December 14, 2017

(++++) FUN WITH MANY WORDS – OR FEW


Pine & Boof: The Lucky Leaf. By Ross Burach. Harper. $17.99.

Meow! By Victoria Ying. Harper. $15.99.

     Both these books are for ages 4-8, but the way they tell their animal-centric stories could not be more different. Ross Burach’s Pine & Boof: The Lucky Leaf really is a story, a narrative. The illustrations are an integral part of it, and some of them are marvelously funny, but the basic tale here is a verbal one. It starts with Boof, a big, roly-poly bear cub who is afraid of bears (adult ones, anyway) and therefore carries around a can of anti-bear spray. Boof collects and names things, such as a stick named Mr. Stick and a rock named Mr. Rock.
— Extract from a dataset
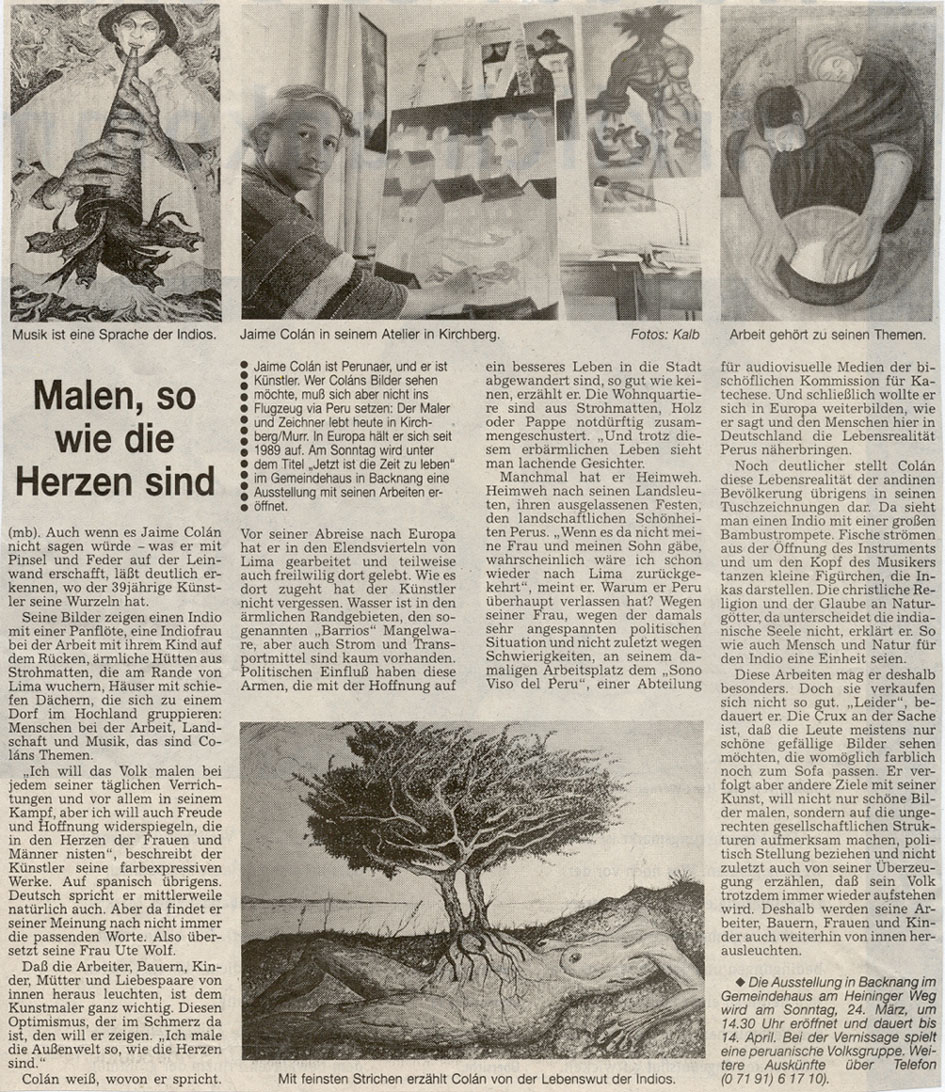 Die geschundene, leidende Kreatur ist ein wiederkehrendes Thema des peruanischen Malers und seine Art, auf die Missachtung der Menschenrechte in seiner heimat aufmerksam zu machen. Nie aber ist Leid für Colán ausweglos. “Ich will das Volk malen bei jeder seiner täglichen Verrichtungen und vor allem in seinem Kampf. Aber ich will auch Freude und Hoffnung widerspiegeln”, sagt er.
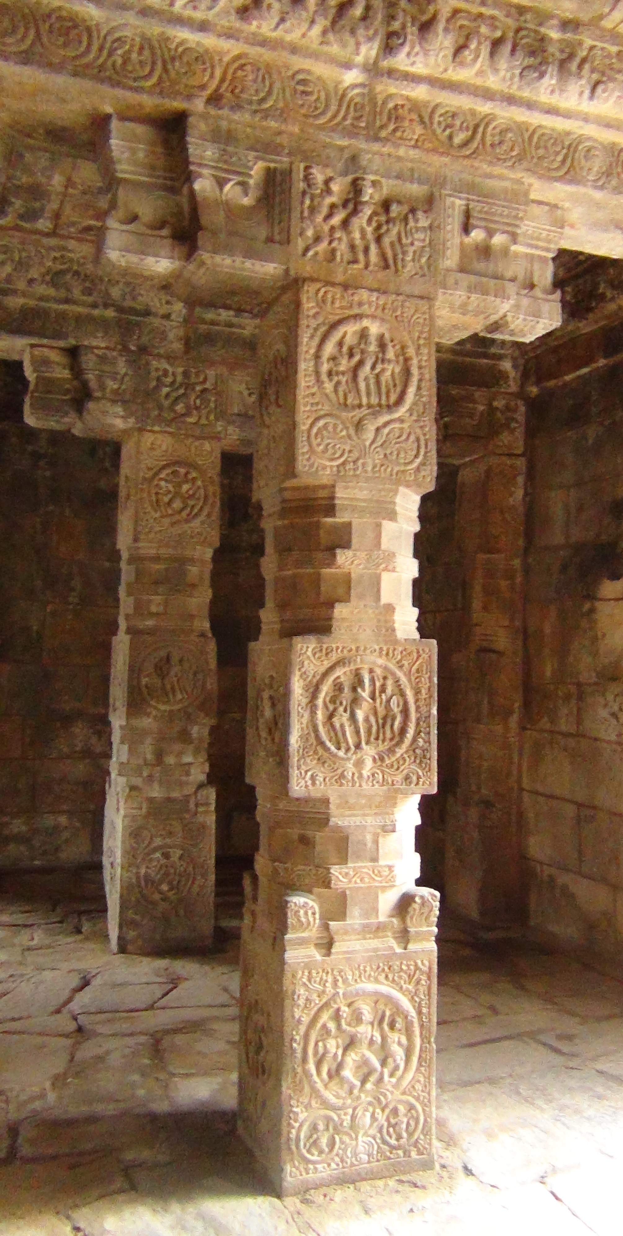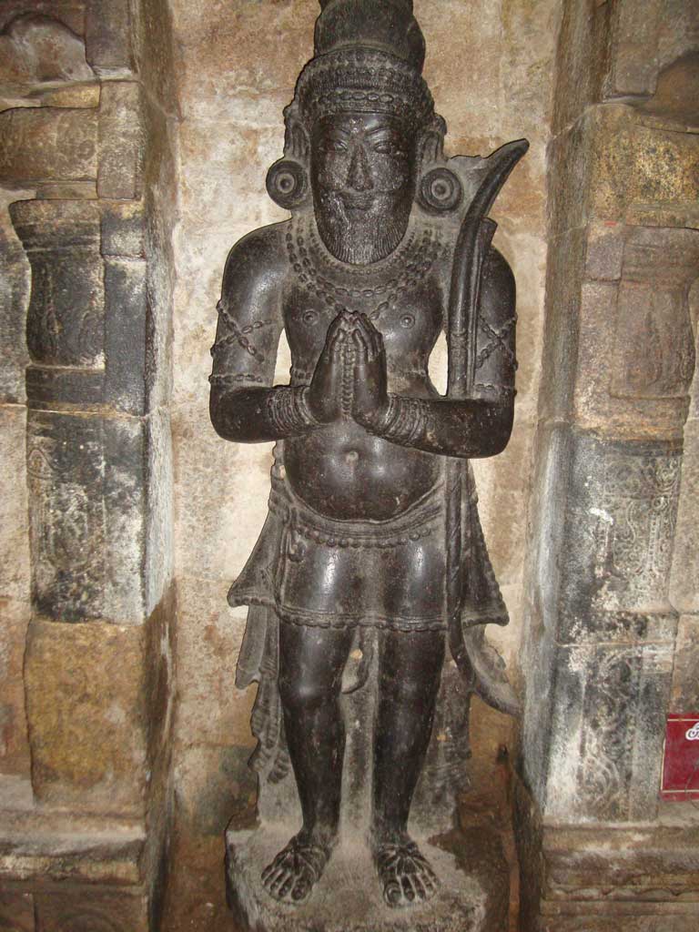 சிற்பங்கள் | கோயிலின் மகாமண்டபத்தின் தூண்கள் ஒவ்வொன்றிலும் நான்கு புறங்களிலும் பல புராணக் கதைகள் பொதுவாக சிவபுராணக் கதைகள் சிற்பங்களாக வடிக்கப்பட்டுள்ளன. மகாமண்டபத்தின் நுழைவாயிலில் காணப்படும் கண்ணப்ப நாயனார் மெல்லிய செருப்பு அணிந்திருக்கிறார். கருவறையில் நுழைவாயிலின் இருபுறமும் துவாரபாலகர்கள் காணப்படுகின்றனர். கையில் வீணையில்லாத சரஸ்வதி, பாம்புகளுக்கு அரசனான நாகராஜன், அன்னபூரணி, கண்ணப்பர் போன்ற சிற்பங்கள் இங்கு அமைக்கப்பட்டுள்ளன. கோயிலின் வெளிச் சுவர்களில் மூன்றுமுகங்கள், எட்டுகைகளுடன் அர்த்தநாரீஸ்வரர், மேல்கரங்களில் சிவனுக்குரிய மானும், மழுவும், கீழ்கரங்களில் அழகான புல்லாங்குழல் ஏந்திய சிவன், சிவனும் குழலூதும் கண்ணனும் இணைந்த சிற்பம் எனப் பல சிற்பங்களும் உண்டு. குழலூதும் சிவன் இங்கு மட்டுமே காணப்படும் அரிய சிற்பம் என்று சரித்திர ஆய்வாளரான குடவாயில் சுப்ரமணியம் கண்டறிந்துள்ளார். மண்டபத்தின் மேல் பிரகாரத்தில் நாயன்மார்கள், 108 சிவனடியார்களின் உருவங்கள் ஆகியவை ராஜகம்பீரம் என்று அழைக்கப்படும் மகா மண்டபம் ஐராவதம் எனப்படும் யானைகளாலும் குதிரைகளாலும் இழுத்துச் செல்லப்படுவது போல் அமைக்கப்பட்டுள்ளது . குதிரைகள், யானைகள் பூட்டப்பட்ட ரதத்தின் அமைப்பில் இருக்கும் மண்டபம், நுணுக்கமான பல சிற்பங்களுடன் கூடிய தூண்களால் நிறைந்தது. தூண்களில் நர்த்தன கணபதியின் உள்ளங்கை அகல சிற்பம் உள்ளது. நடன முத்திரைகள் காட்டும் ஆடல் மகளிர் சிற்பங்களும், இசைக் கலைஞர்களின் குழுக்களும், புராணக் கதைகளும் சில சென்டிமீட்டர் அளவிலேயே மிகவும் தெளிவாகச் செதுக்கப்பட்டுள்ளன. கருவறை, மற்றும் மண்டபங்களின் புறச்சுவர்ப் பகுதியில் உள்ள வேதிகை கண்டப்படையில் 63 நாயன்மார்களின் வரலாற்றைக் கூறும் சிற்பங்கள் புடைப்பு வடிவங்களாக செதுக்கப்பட்டுள்ளன. மேலும் அட்ட திக்கு பாலகர்களின் புடைப்புச் சிற்பங்களும் காணப்படுகின்றன. |

His favorite collectible is a bright red leaf with which he plays constantly, but not very successfully: despite Boof’s enthusiastic urging, the leaf cannot use a see-saw, throw a ball, or munch a campfire-cooked marshmallow. Enter Pine, a porcupine – who in fact enters by banging into Boof as Boof sits teary-eyed on the forest path. Boof is crying because the wind has suddenly picked up and taken his favorite leaf who-knows-where. Pine, who considers himself an expert on lots of things but is mostly rather muddled in his thinking, promises to help Boof find the missing leaf, and the two set off on a leaf quest that leads to some very funny encounters with a boar and a snake. Burach’s illustrations are at their best during the search, as when Boof lifts up a boulder to look for the leaf under it and Pine then lifts up boulder-shaped Boof to look for the leaf under him. A stuck-in-a-log scenario eventually and hilariously ensues, but in the end, the wind is just too much for the intrepid duo. However, they realize that having a friend to search for things with and generally play with is better than having a leafy companion, anyway. So all ends happily, with Pine and Boof cooking apology pancakes for the boar and making a very amusing apology card for the snake. This is a funny story, amusingly told and illustrated with cartoonish panache, with the pictures carrying a lot of the humor but the words being central to telling the tale.

     Not so in Victoria Ying’s Meow! In fact, the word of the title is almost the only one in this sweet little feline-focused book, which is such a simple story that multiple words really are not required. An adorable little kitten, childlike in being dressed like a human and drawn by Ying with a head as large as the rest of his body, wanders around the family home carrying a ball of yellow yarn and asking everyone, “Meow?” This clearly means, “Will you play with me?” But nobody will: mom is busy in the garden, dad in the kitchen, and sister in a chair, where she is reading a book. Frustrated, the kitten starts to unravel the yarn ball and play by himself – but what he does is to entangle everything and everyone in the yarn, as the word “meow!” gets angrier and angrier (cleverly shown by the style of the lettering, which mirrors the expressions on the kitten’s face). Mom, dad and sister finally band together to stop the kitten from messing everything up, putting him in a time-out with their own obviously very irritated “Meow!!” The sad little kitten apologizes – the same word serves a new purpose this time – and sets about disentangling everything and cleaning up the mess he has made. Then he helps mom in the garden, helps dad bake mouse-shaped cookies, and sits in the chair with his sister to read her book with her. Then everyone gets together for games with the yarn, after which it is get-ready-for-bed time in a household that is clearly much happier than it was earlier. The various expressions of “meow” eventually end with the kitten happily asleep, purring with contentment, his ball of yarn beside him on the pillow. Ying does a lovely job of making what is essentially a single-word book into one expressing a wide variety of recognizable emotions and feelings, showing that while some stories are best told through a whole series of words, others can be just as well expressed with very little in the way of verbal elements.